Production of ’emergency medication’ within the shortest time
The internationally leading pharmaceutical production experts Prof. Khinast and Prof. C. Oliver Kappe, professor at the University of Graz and scientific director of the CC FLOW division at RCPE, refer to the more than six-year development period which has now made it possible to establish a GMP-compliant production facility before the end of this year. Prof. Kappe stated, “We are extremely flexible. Even the combination of active ingredient synthesis and the subsequent production steps would be united at one location. Using this new production facility, we would not only be able to make a significant contribution to overcoming the corona crisis, but also be well prepared for possible future epidemics.” RCPE is therefore proposing the establishment of “an Austrian pharmaceutical production company that can be used exclusively for the rapid production of large quantities of emergency edication. This is something that is not available anywhere else in the public domain.”

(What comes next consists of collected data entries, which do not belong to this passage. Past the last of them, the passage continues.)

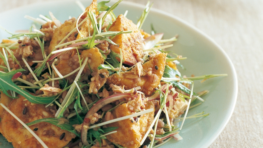 カリッと焼いた厚揚げを使った、豊かな食感のサラダ。油揚げの新定番料理です。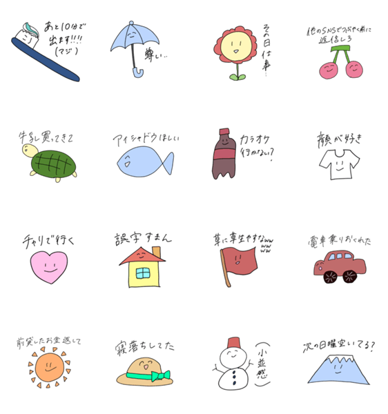 わざわざ文字を打つのが面倒なあなたのためのスタンプ。日常の具体的な言葉をこのスタンプで伝えましょう。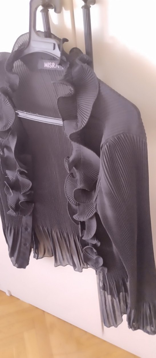 Siyah ve gri tonlarda, pilili detaylara sahip, yüksek yakalı ve uzun kollu, oturan kesim kız bolero. Sentetik kumaştan, gotik tarz için uygun.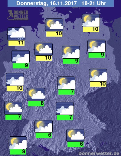 Am späten Nachmittag zeigt sich die Sonne nach einem wolkenreichen Tag dann auch im Norden noch einmal und auch im Süden geht es recht sonnig in den Abend. Lediglich zwischen Niederrhein und Nordsee versperren dichte Wolken den Blick gen Himmel und lassen es zeitweise leicht regnen.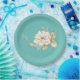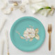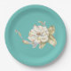 Rose Shrub (blau) auf einer Papierplatte 9" Diese schöne weiße Rose auf blauem Hintergrund wird auf Ihrem Party schön sein.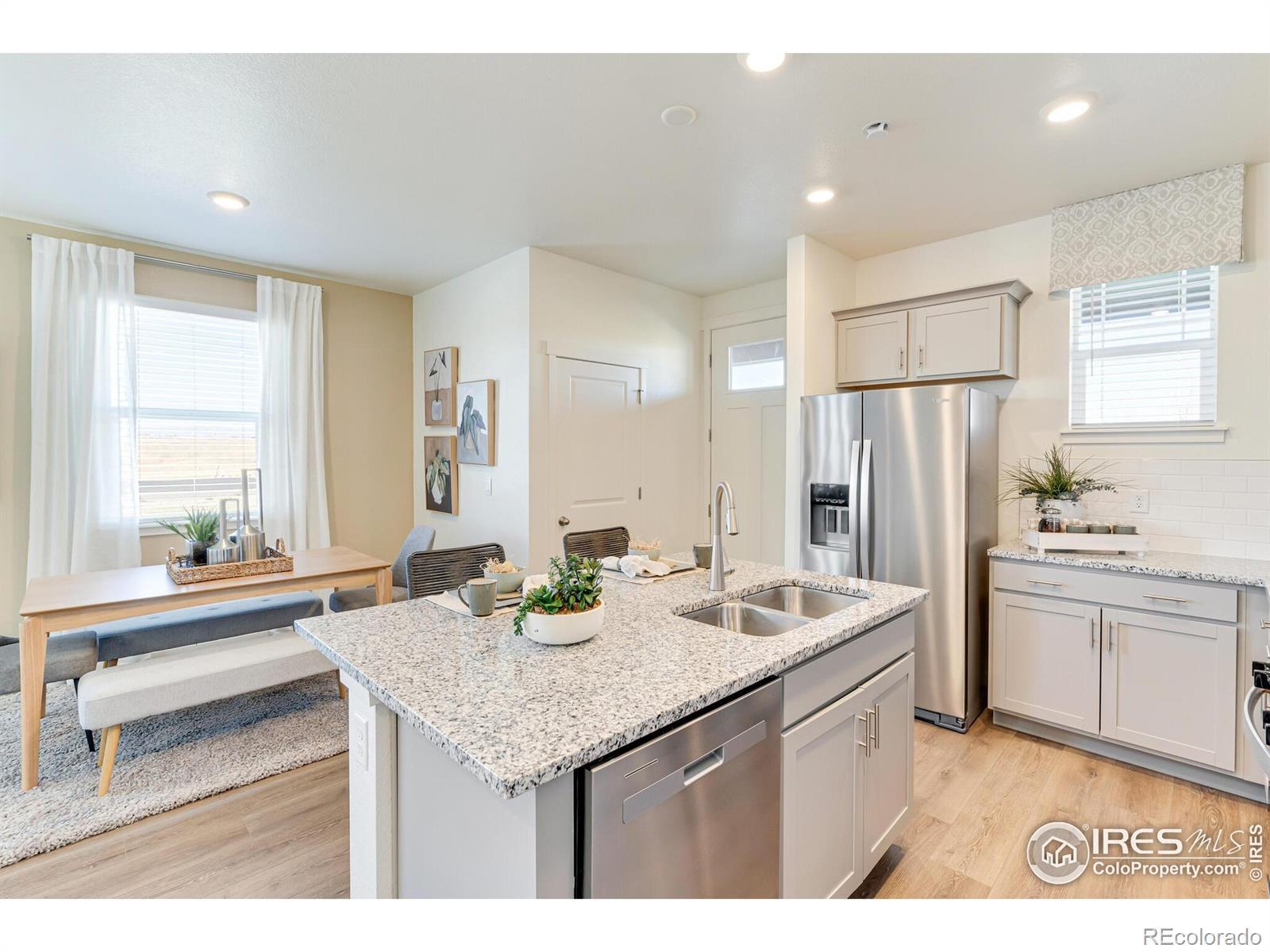 Welcome home to 4667 Combine Ln. in the desirable Revere at Johnstown Paired community! This stunning Muirfield floor plan is a 3 bed 3 bath paired home with a loft upstairs and an attached 2-car garage. Step inside and be greeted by the open-concept main floor, featuring a modern kitchen, dining area, and living room. The kitchen is equipped with a granite island and a gas range. A convenient half bath for guests adds to the functionality to the main floor. Upstairs, you'll find the generously sized bedrooms with ample closet space. The primary suite is a peaceful retreat, complete with an en suite bathroom featuring double sinks and an impressive walk-in closet. Laundry chores are made easy with the conveniently located laundry room upstairs. Enjoy the outdoors with an oversized front porch. Additional features of this home include A/C, a tankless water heater, and a smart home package. Nestled in the Front Range of the Rocky Mountains, Revere at Johnstown Paired offers a desirable location with easy access to I-25, shopping, dining, and abundant outdoor recreation at nearby parks, golf courses, and reservoirs. Don't miss out on this opportunity to own a beautiful home in a noteworthy neighborhood. ***Estimated Delivery Date: October. Photos are representative and not of actual property***

Investment volume: 30 to 35 million Euros
A production center of this kind can be implemented with a budget of 30 to 35 million Euros in a period of seven to nine months, providing up to two million patients with appropriate medication. “That’s why it is important to start development immediately so that we can be ready as soon as possible,” says Johannes Khinast, reporting on the first implementation steps. Discussions with RCPE partners, the Federal Government, State, and the EU are proceeding promisingly. Khinast and Kappe concluded, “We have the capacity and manpower to implement all of this.” The new infrastructure will have a completely neutral structure, supporting the evaluation of all available active ingredients, independently of the pharmaceutical companies who create them.
Prof. C. Oliver Kappe is a leading international researcher and works, among others, for and with the Bill & Melinda Gates Foundation. Prof. Johannes Khinast is a consultant to international pharmaceutical companies and one of the most established researchers worldwide in his field.